Fulminant hepatitis remains a major health problem worldwide, and this condition may occur from multiple origins, including viral hepatitis, autoimmune hepatitis, drug-induced liver injury, metabolic disease and circulatory disturbances (1). Immune-mediated mechanisms appear to have a central role in acute hepatitis, however, detailed mechanisms have not previously been elucidated (2,3). Due to the lack of specific treatments for fulminant hepatitis, plasma exchange is usually provided to patients with this condition (1). In addition, liver transplantation, usually from living donors, is scheduled when clinical improvement is not achieved with these conventional medical treatments (1,4).

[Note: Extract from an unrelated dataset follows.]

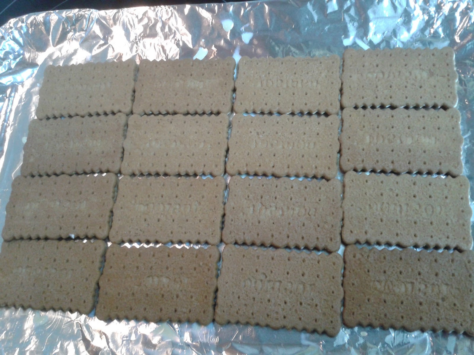 Lo metemos en el microondas 30 segundos y comprobamos si vemos que ya se puede aplastar lo sacamos y revolvemos bien, ya que con el mismo calor se termina de deshacer. Si vemos que está todavía duro meterlo pero de poco  en pocos segundos, para in comprobando. Ya que se quema muy fácil.Echamos ahora chocolate negro sobre las galletas  para napar la tarta.

Concanavalin A (ConA) injections in mice result in serious, immune-mediated liver injury similar to that observed in human viral, autoimmune and fulminant cases of hepatitis (5,6). ConA injection results in an increase in the serum concentrations of several inflammatory cytokines, including tumor necrosis factor-α, interleukin-6 and interferon-γ, which contribute to the development of hepatitis (5–7). In the present study, a ConA-induced mouse hepatitis model was used to investigate the effectiveness of galectin-9 (Gal-9) as a novel therapeutic target in fulminant hepatitis. Gal-9 is a β-galactoside-binding lectin belonging to the galectin family, and was first identified as an eosinophil chemoattractant and activation factor (5). Gal-9 has been previously reported to induce apoptosis in T cells, particularly in CD4 + Th1 and Th17 cells, and this lectin additionally exhibits a stimulatory effect on regulatory T cell activity (6–8). Notably, Gal-9 has been investigated as a potential therapeutic agent for various autoimmune diseases (8). Furthermore, Gal-9 has previously been demonstrated to exhibit anti-allergenic (9) and anti-tumor (10) effects. However, there are few reports demonstrating the effects of Gal-9 in fulminant hepatitis.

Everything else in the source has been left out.